DATASET EXCERPT |

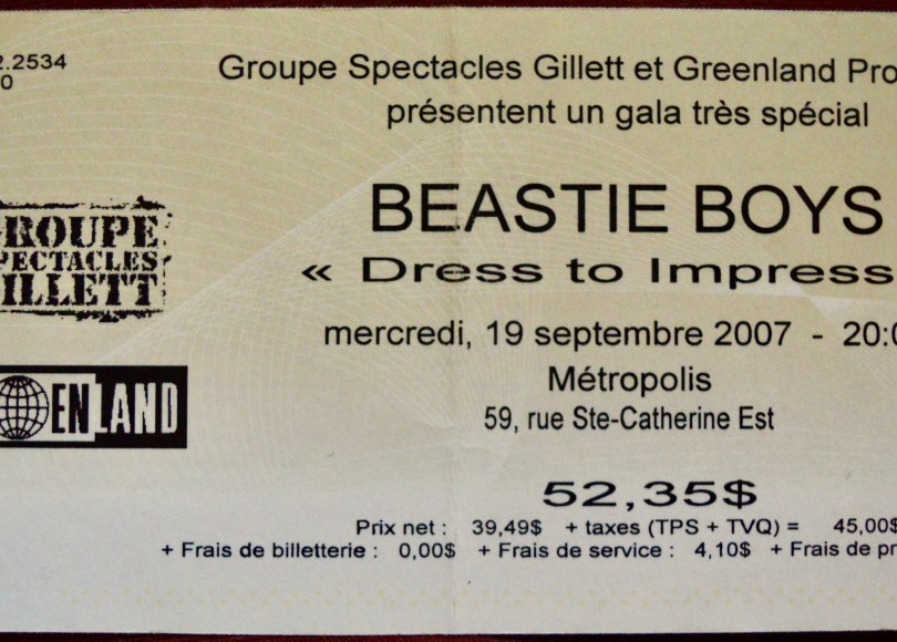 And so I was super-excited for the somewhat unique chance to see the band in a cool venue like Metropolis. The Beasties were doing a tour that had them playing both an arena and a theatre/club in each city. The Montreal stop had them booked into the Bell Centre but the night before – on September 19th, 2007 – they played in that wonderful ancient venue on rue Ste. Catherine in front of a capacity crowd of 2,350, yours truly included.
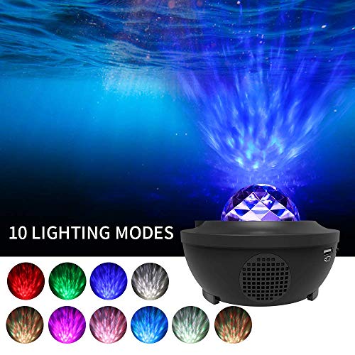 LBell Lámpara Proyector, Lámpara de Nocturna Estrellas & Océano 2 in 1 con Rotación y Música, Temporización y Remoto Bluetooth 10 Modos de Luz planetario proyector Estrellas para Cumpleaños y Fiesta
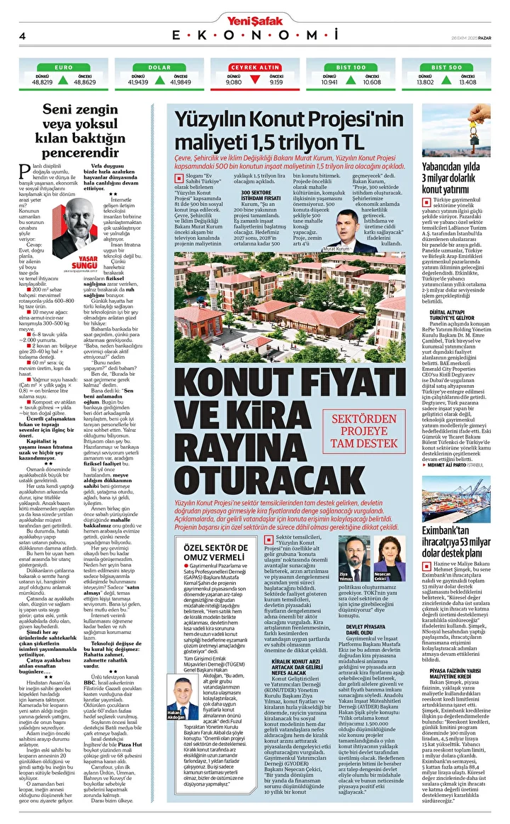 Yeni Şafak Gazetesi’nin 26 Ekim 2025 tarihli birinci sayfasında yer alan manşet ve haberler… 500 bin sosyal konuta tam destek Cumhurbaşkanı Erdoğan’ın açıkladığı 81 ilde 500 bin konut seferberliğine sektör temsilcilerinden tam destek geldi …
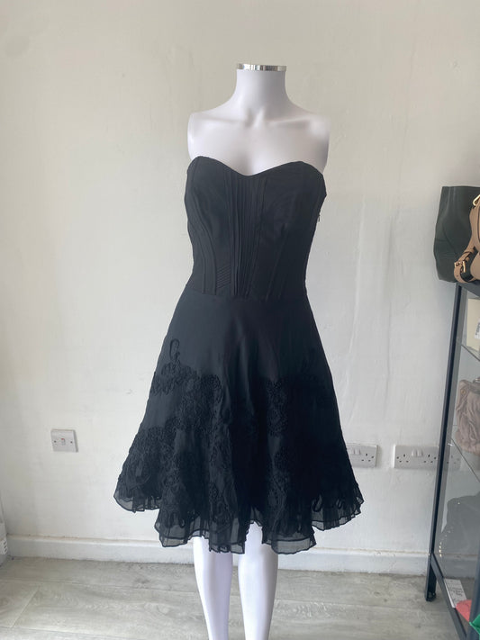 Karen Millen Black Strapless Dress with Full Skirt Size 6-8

TASK ITEM | Here the lines from the one with "LBell Lámpara Proyector, Lámpara" through the last line of the data above need to be repeated exactly, both included, and any picture omitted.

EXERCISE RESPONSE |
 LBell Lámpara Proyector, Lámpara de Nocturna Estrellas & Océano 2 in 1 con Rotación y Música, Temporización y Remoto Bluetooth 10 Modos de Luz planetario proyector Estrellas para Cumpleaños y Fiesta
 Yeni Şafak Gazetesi’nin 26 Ekim 2025 tarihli birinci sayfasında yer alan manşet ve haberler… 500 bin sosyal konuta tam destek Cumhurbaşkanı Erdoğan’ın açıkladığı 81 ilde 500 bin konut seferberliğine sektör temsilcilerinden tam destek geldi …
 Karen Millen Black Strapless Dress with Full Skirt Size 6-8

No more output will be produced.